To find the position at t=3 seconds, we can simply plug in t=3 into the equation:

s(3) = -5e^(-0.4(3)) + 5 = 0.196 inches.

So, the position at t=3 seconds is 0.196 inches.

## 1. What is the equation for solving position at t=3s for motion in dynamics?

The equation for solving position at t=3s for motion in dynamics is x(t) = x0 + v0t + 1/2at2, where x0 is the initial position, v0 is the initial velocity, a is the acceleration, and t is the time.

## 2. What is the significance of solving position at t=3s in dynamics?

Solving position at t=3s in dynamics allows us to determine the exact location of an object at a specific point in time. This information is crucial in understanding the motion of an object and can help us analyze its acceleration and velocity.

## 3. Can the position at t=3s be negative?

Yes, the position at t=3s can be negative. This indicates that the object has moved in the negative direction, which is opposite to the positive direction defined as the initial position.

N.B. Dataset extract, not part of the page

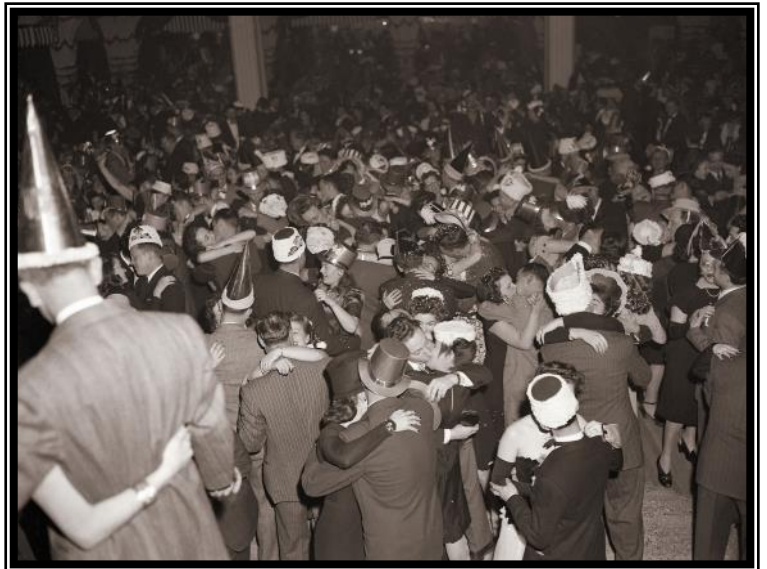
New Year's Eve at the Diamond Horse-shoe in New York, N.Y., on Dec. 31, 1941.

Not long after those German immigrants began setting a New Year's Eve example, another major influence

## 4. How does acceleration affect the position at t=3s?

The acceleration of an object affects its position at t=3s by influencing its velocity. If the acceleration is positive, the object will be moving in the positive direction and its position at t=3s will be greater than its initial position. Similarly, if the acceleration is negative, the object will be moving in the negative direction and its position at t=3s will be less than its initial position.

## 5. Can we solve for position at t=3s without knowing the initial position and velocity?

No, we cannot solve for position at t=3s without knowing the initial position and velocity. These values are crucial in the equation for solving position at t=3s and without them, we cannot accurately determine the position of the object at that specific time.